The term "Merryman," does not adequately render the Lustigeperson of the author. That word, however, is the only one we have that can be used for it, "Clown," or "Merry Andrew," not being admissible. The character understood by these three designations is merely the buffoon of our itinerant mountebanks and troops of equestrians, with more activity of body than brain, and whose jokes are principally of a practical kind.
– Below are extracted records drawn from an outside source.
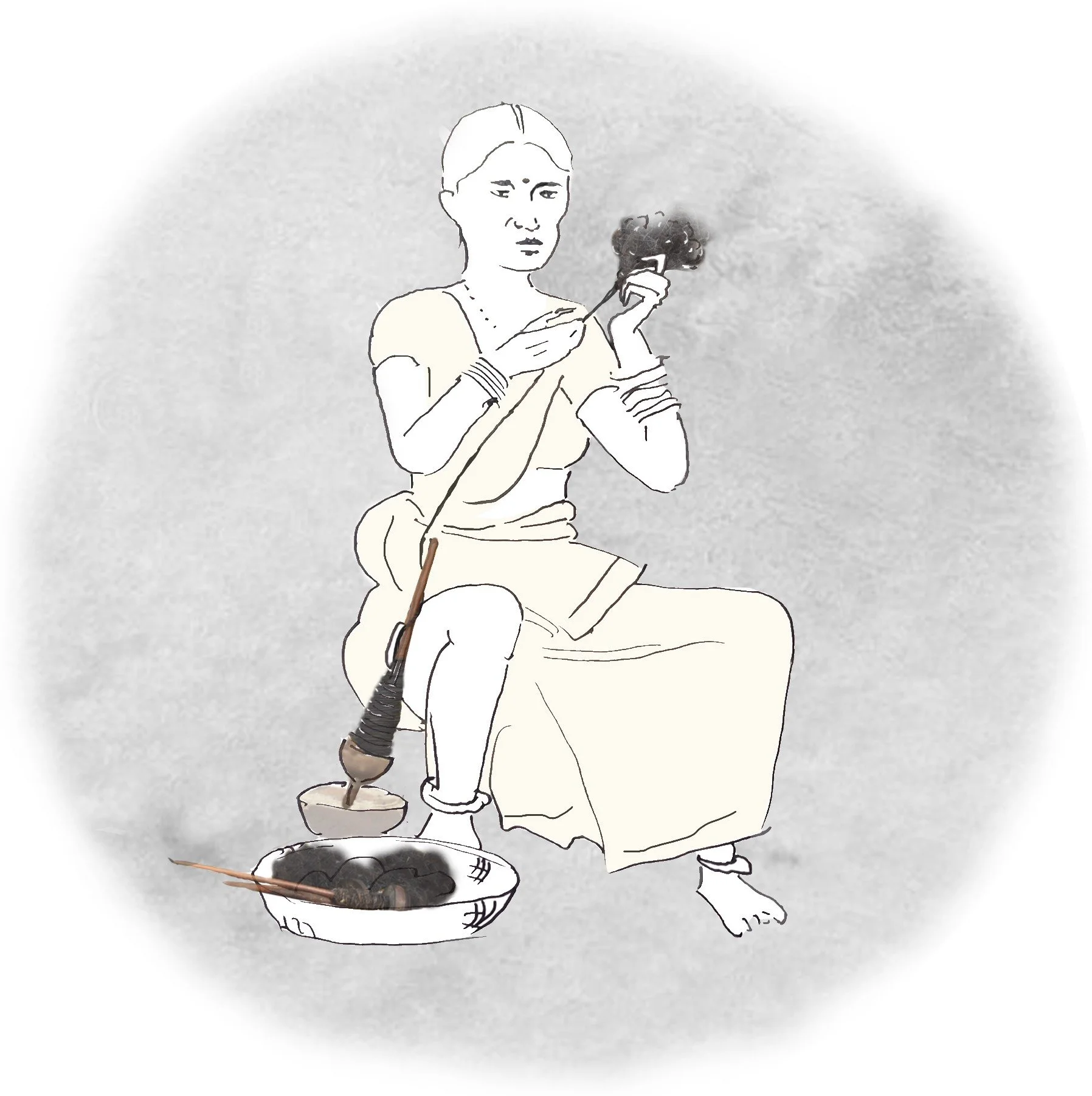 Many pastoral women still spin wool on their thighs. Illustration by Sandeep Virmani.
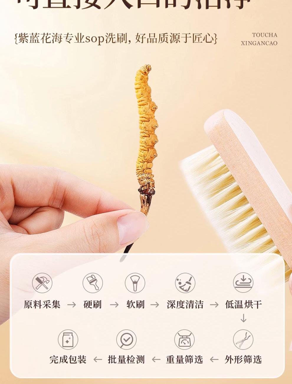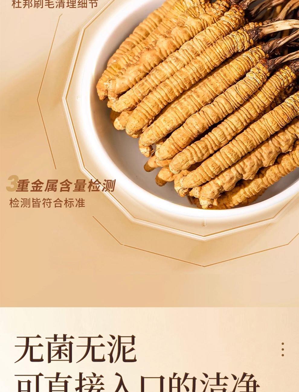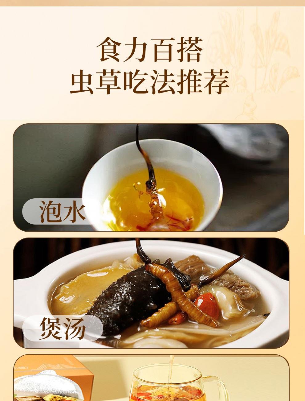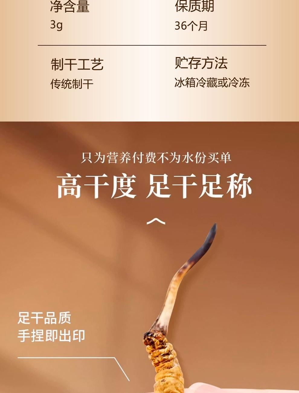 规格:3克(约12支) 卖点: 西藏是冬虫夏草的重要产区,那里的高海拔环境,如雪山、草地,昼夜温差大,紫外线强烈。这种独特的生态环境造就了冬虫夏草的高品质,它生长在这样严酷的条件下,积累了丰富的营养成分。
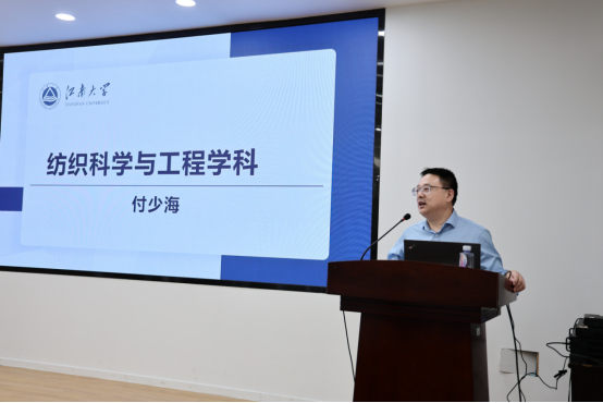 付少海院长从学科建设、社会服务、国际交流及学科交叉融合等维度,全面介绍了学院的发展规划与相关成果。目前已经形成在智能纺织加工技术、生态染整技术、产业用纺织品等传统优势领域持续深耕,同时向军工国防、生物医学、绿色制造等新兴领域拓展,实现传统优势巩固、新兴领域突破的学科发展格局。
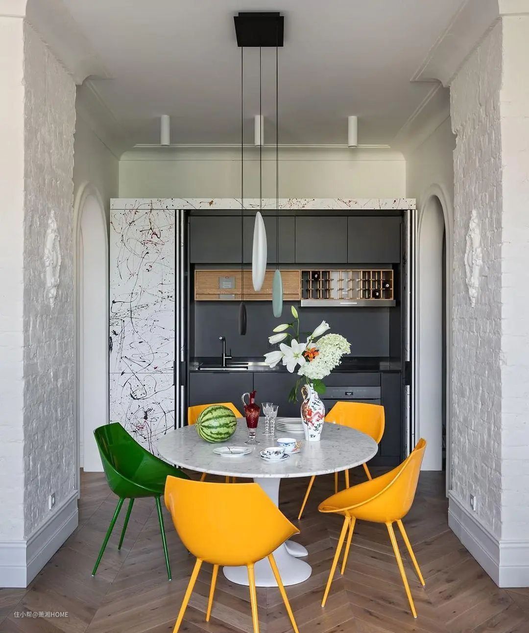 餐厅给人的设计感觉非常有个性化,两侧的墙面使用了白色文化石,中间一面墙做了柜子,柜子的门板非常具有艺术色彩。不规则的乱纹形式,让整个柜子像是一幅挂画。
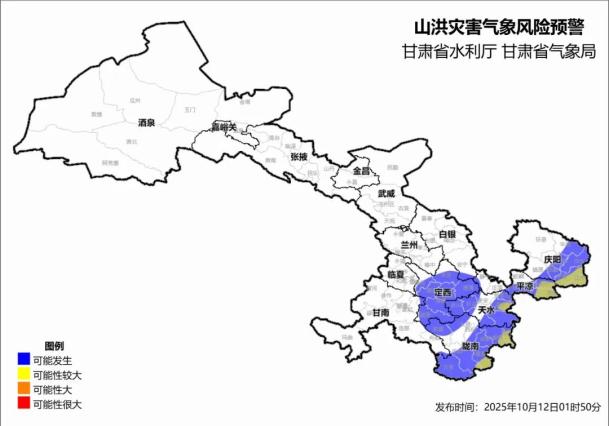 甘肅發(fā)布10月12日山洪災(zāi)害氣象風(fēng)險(xiǎn)黃色預(yù)警
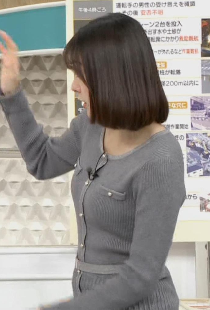 横アングルで撮られまくってる曲線美くっきりカーディガンの若林有子アナ
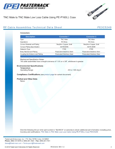 RF Cable Assemblies Technical Data Sheet PE3C5249
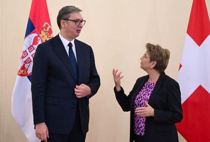 - Razmenili smo iskustva u oblastima dobrog upravljanja i vladavine prava. Zahvalio sam Švajcarskoj na konstruktivnoj podršci kako evropskim integracijama Srbije, tako i u razvoju naše zemlje i naglasio važnost dijaloga i partnerstva u jačanju regionalne stabilnosti, poručio je predsednik posle današnjeg susreta u Bernu s predsednicom Švajcarske Konfederacije Violom Amherd.
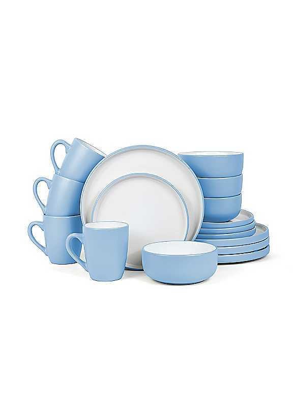 Bring subtle elegance and contemporary charm to your table with the 16-piece Pastel Two-Tone Blue Dinner Set. Crafted from durable stoneware, this set features a beautiful pastel blue matte exterior paired with a smooth, glossy interior, creating a modern and inviting look. Perfect for everyday dining or casual entertaining.Set Includes:4 x Dinner Plates4 x Side Plates4 x Bowls4 x MugsFeatures:Stylish two-tone design with pastel blue matte finish and glossy interiorMade from sturdy, chip-resistant stonewareMicrowave and dishwasher safe for easy careIdeal for modern kitchens, casual meals, and giftingElevate your dining experience with the understated beauty of the Pastel Two-Tone Blue Dinner Set - where simplicity meets style.16 piece setDishwasher safe & microwave safeStoneware
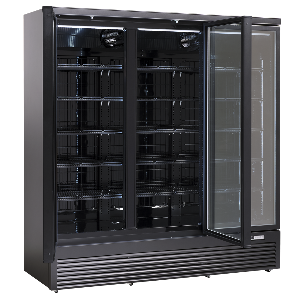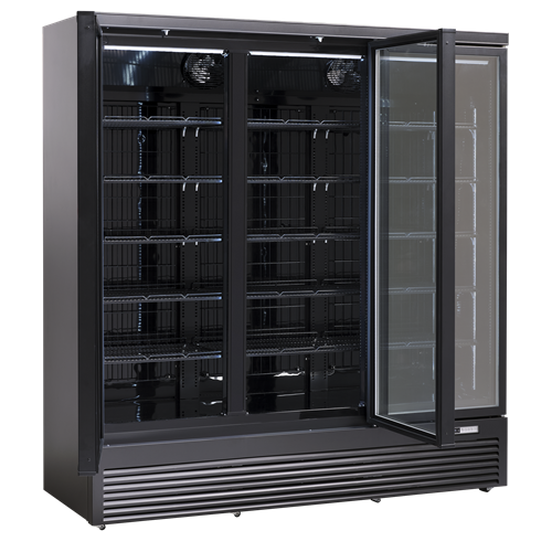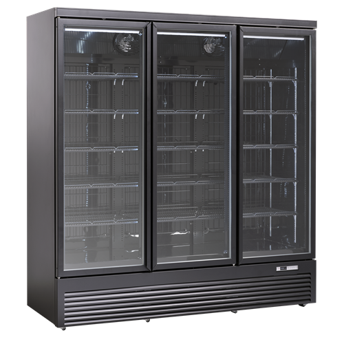 DF1563BD är en stor 3-dörrars displayfrys med hela 1090 nettoliter kylförvaring.
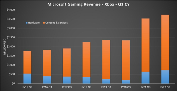 微软公布了第三季度(截止到2022年3月31日)财报:Q3总收入打破纪录,超过230亿美元,相比去年同期增长了32%。其中游戏收入相比去年同期增长了6%,从35.3亿美元增长至37.4亿美元。分析师Daniel Ahamd称赞该季度Xbox收入是有史以来最好的“非圣诞假期季度”。
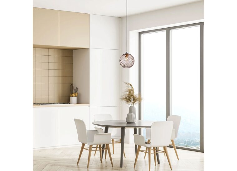 Its subtle texture and smoky hue create soft ambient lighting ideal for dining areas, living rooms, or bedrooms.
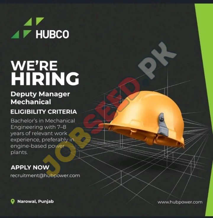 HUBCO, Narowal invites applications from eligible candidates for the post of Deputy Manager Mechanical as per advertisement of 21 December, 2025. BA educational qualification will be preferred.
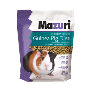 Mazuri Guinea Pig es una dieta completa, fórmulada para cubrir los requerimientos nutricionales de los cuyos durante todas las etapas de vida. Se presenta en forma de pellet con heno Timothy, el cual proporciona menos proteínas, un buen porcentaje de fibra y un excelente equilibrio mineral para los cuyos en todas las etapas de la vida. Este alimento es altamente palatable, contiene las cantidades de vitamina C que ellos necesitan y es rico en fibra para apoyar la actividad de masticación. No se necesita suplementación cuando se usa este alimento.
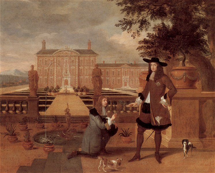 A painting by Hendrik Danckerts from 1675 showing Charles II of England being given the first pineapple grown in England by his royal gardener, John Rose.
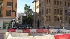 El Ayuntamiento ha tenido que modificar el diseño del cruce de la calle Zaragoza con la avenida del Rey, para poder permitir el giro del autobús urbano, que sustituirá de momento al Tram, para acercar a los vecinos al centro de la ciudad..
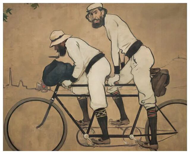 这是画家和朋友两个人骑着双人自行车,童心闪烁,四处兜风去了!坐在最前面叼着烟斗的,小编一眼就认出了,这是画家享受生活顺便创造灵感的最佳方式,也说明了画家也是一位率真可爱的大男孩!
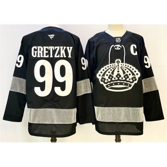 Men's Los Angeles Kings #99 Wayne Gretzky Black With C Alternate Stitched Hockey Jersey
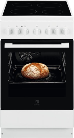 Sporák; Electrolux LKR520066W; Typ: Sklokeramika; Šířka (cm): 50; Vnitřní objem čistý (l): 54; Ovládaní: Otočné ovladače; Typ trouby: Multifunkční; Barva: Bílá; Rozměry VxŠxH (mm): 858x500x600
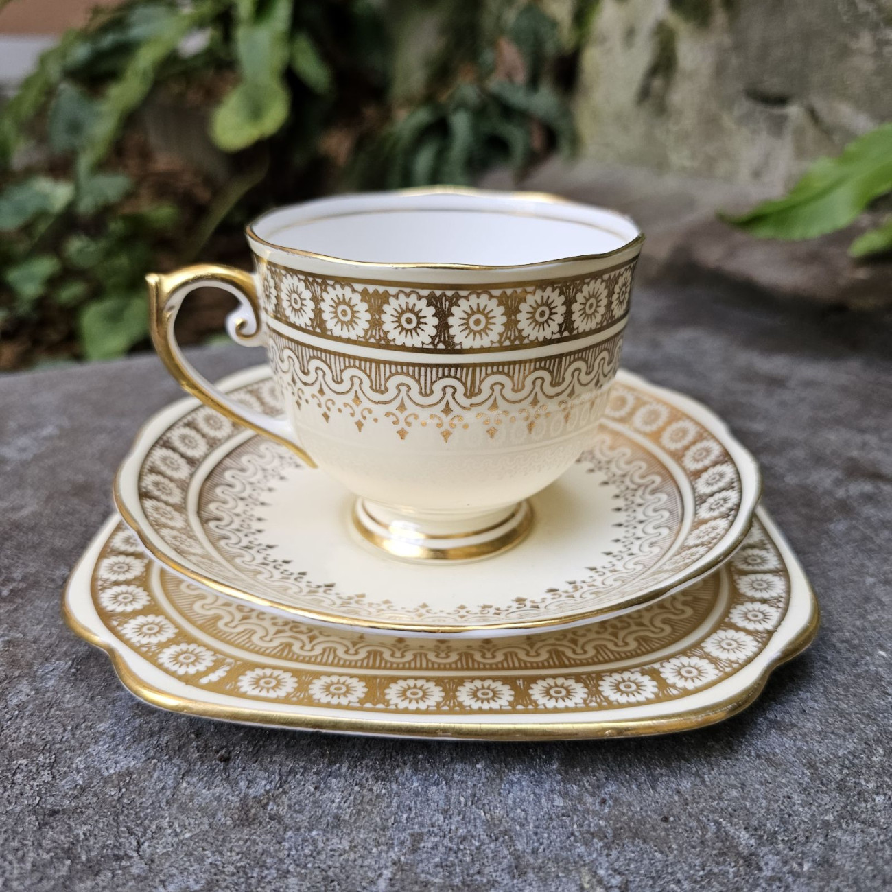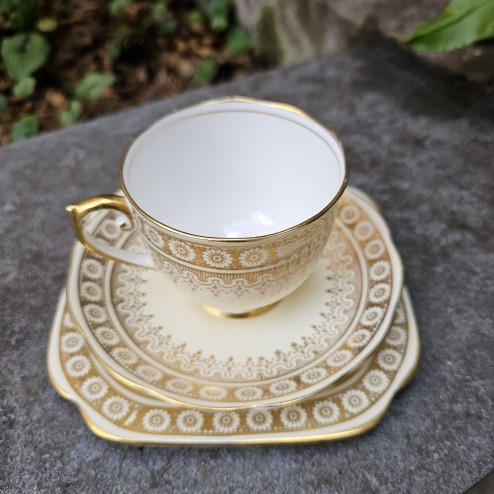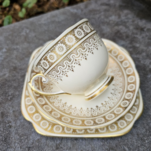 Elegante trio in porcellana fine bone china inglese, composto da tazza da tè, piattino e piatto, prodotto dalla manifattura Roslyn China tra il 1941 e il 1950.

The Lustige-person of the German stage is the actor who in As You Like It, would be cast for Touchstone, or for Master Lancelot, in the Merchant of Venice, or for any other of the immortal clowns of Shakspeare, for these deal out satire and philosophy amid their rich and easy humour; they "make their folly their stalking-horse, and under cover of that do shoot their wit." They are of a very different order to the Merryman of the Circus, or the Clown of the Pantomime, and to possess the qualities necessary to play them well, may excuse a little vanity in the possessor. In this, the Lustige-person before us does not seem deficient; he is fully alive to his own importance, and, it will be seen, agrees better with the worldliness of the Manager, than the refinements of the Poet; he lives in and for the present, and has an especial contempt for the voice of posterity.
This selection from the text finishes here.